◆ Problem description ◆
Once the line holding "ประจำปีงบประมาณ พ.ศ. 2568" is found, output it and all remaining lines of the data exactly, with every picture left out.

◆ Data segment ◆
--
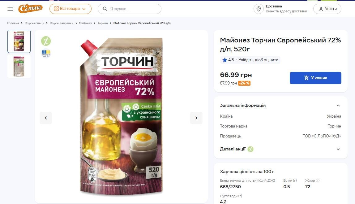 | Майонез: 0,35 кг для салату Олів'є і 0,17кг для «Оселедця під шубою» | 66,99 грн за уп. 520 гр | 66,99 |
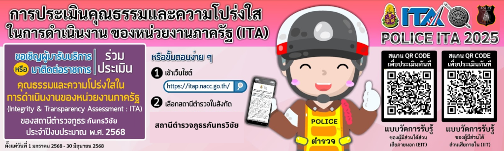 ประชาสัมพันธ์ข้อมูลการประเมินคุณธรรมและความโปร่งใสในการดำเนินงาน ของหน่วยงานภาครัฐ (Integrity & Transparency Assessment: ITA) ของสถานี สถานีตำรวจภูธรกันทรวิชัย ประจำปีงบประมาณ พ.ศ. 2568
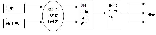 這是傳統(tǒng)數(shù)據(jù)中心普遍采用的供電方案,數(shù)據(jù)中心采用兩套供電輸入系統(tǒng),一套市電,一套備用電,備用電可以是蓄電池或柴油發(fā)電機組,市電是主用供電系統(tǒng),當市電故障時,通過ATS自動切換到備用電上,這樣斷電故障不會對后端設備產(chǎn)生影響。高精度的UPS供電切換時間可以在30MS以下,可以滿足絕大部分設備持續(xù)供電。
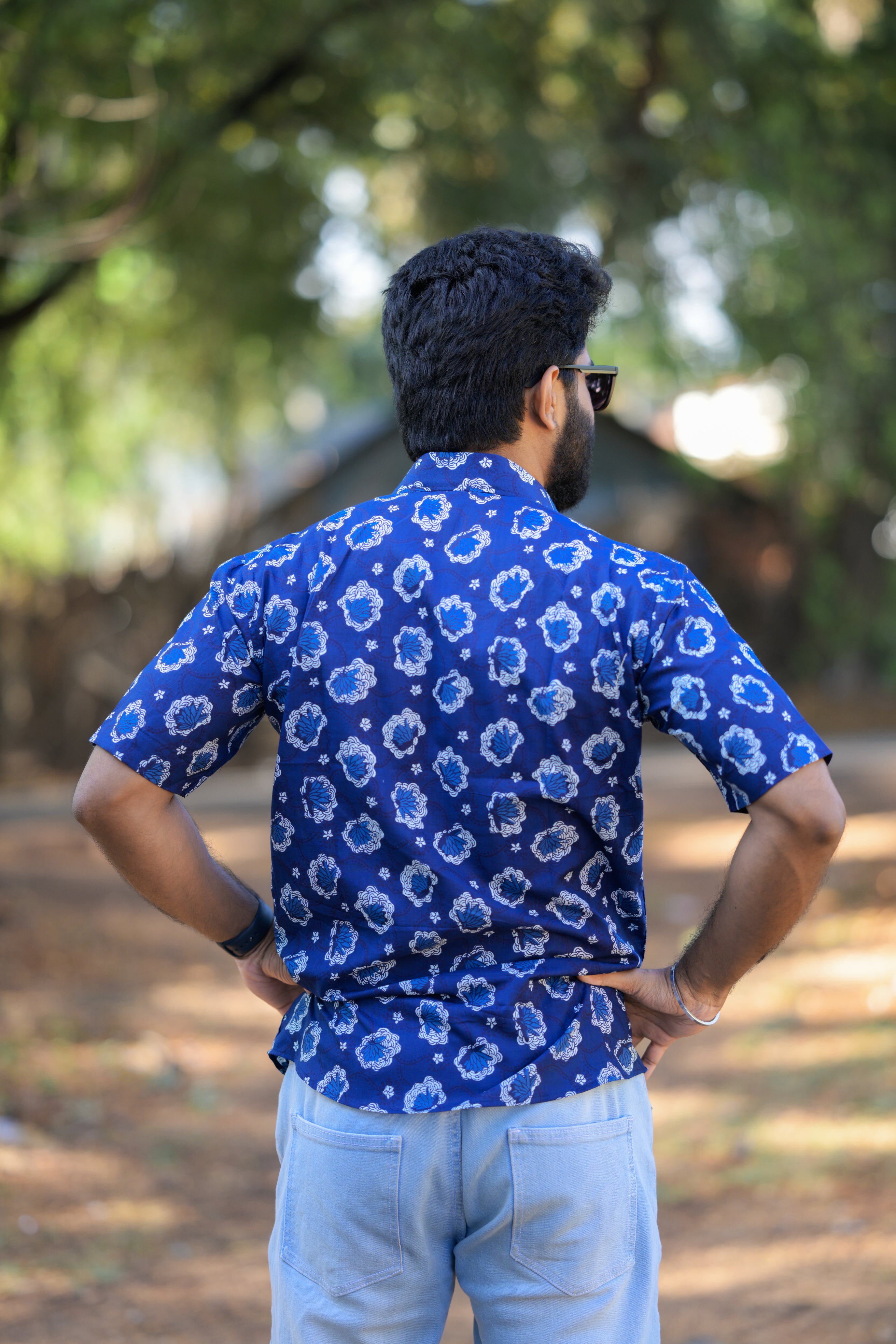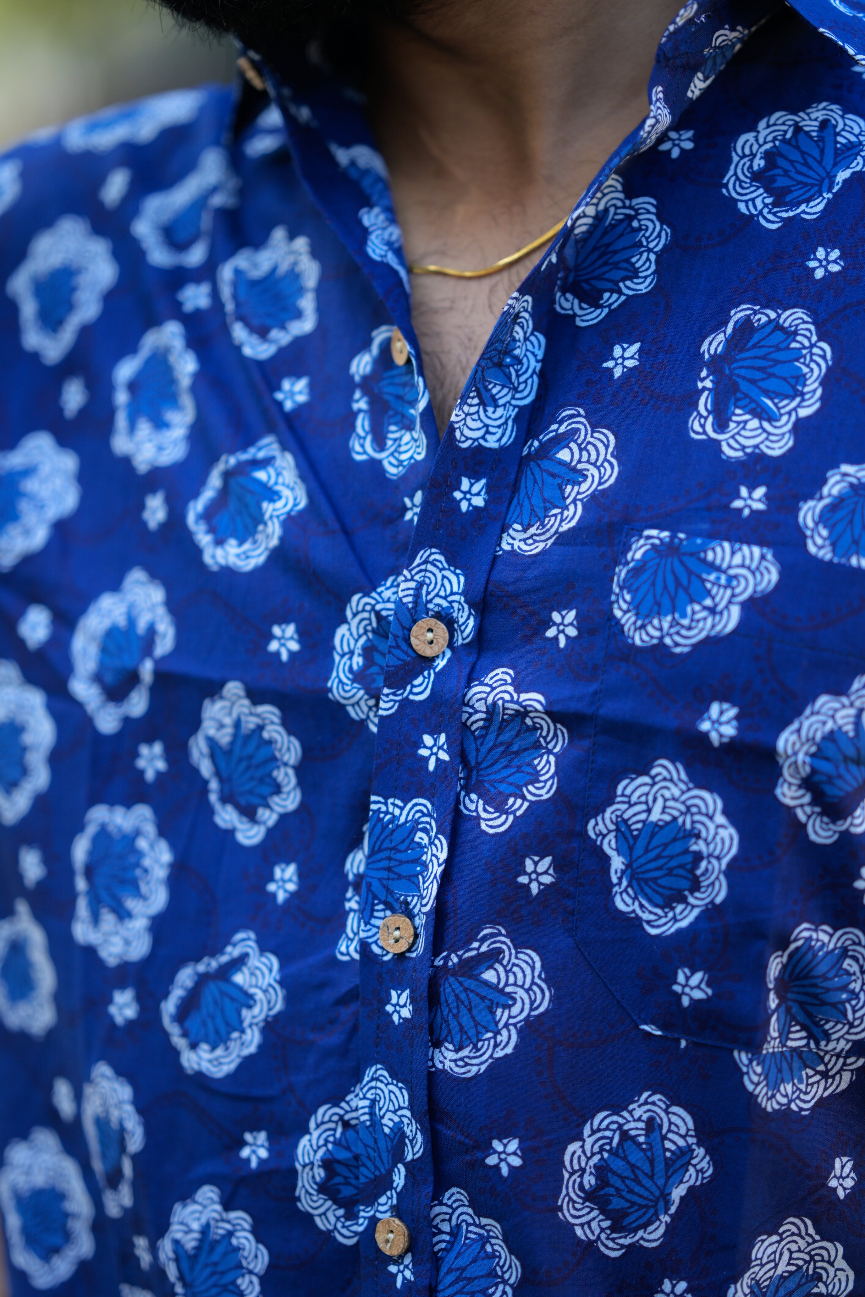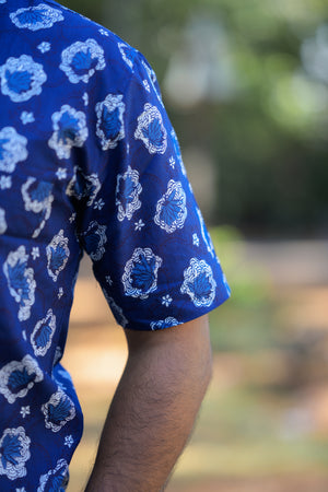 Shirt -21 - floral handblock printed organic cotton shirt in blue
--
◆ Solved problem ◆
 ประชาสัมพันธ์ข้อมูลการประเมินคุณธรรมและความโปร่งใสในการดำเนินงาน ของหน่วยงานภาครัฐ (Integrity & Transparency Assessment: ITA) ของสถานี สถานีตำรวจภูธรกันทรวิชัย ประจำปีงบประมาณ พ.ศ. 2568
 這是傳統(tǒng)數(shù)據(jù)中心普遍采用的供電方案,數(shù)據(jù)中心采用兩套供電輸入系統(tǒng),一套市電,一套備用電,備用電可以是蓄電池或柴油發(fā)電機組,市電是主用供電系統(tǒng),當市電故障時,通過ATS自動切換到備用電上,這樣斷電故障不會對后端設備產(chǎn)生影響。高精度的UPS供電切換時間可以在30MS以下,可以滿足絕大部分設備持續(xù)供電。
 Shirt -21 - floral handblock printed organic cotton shirt in blue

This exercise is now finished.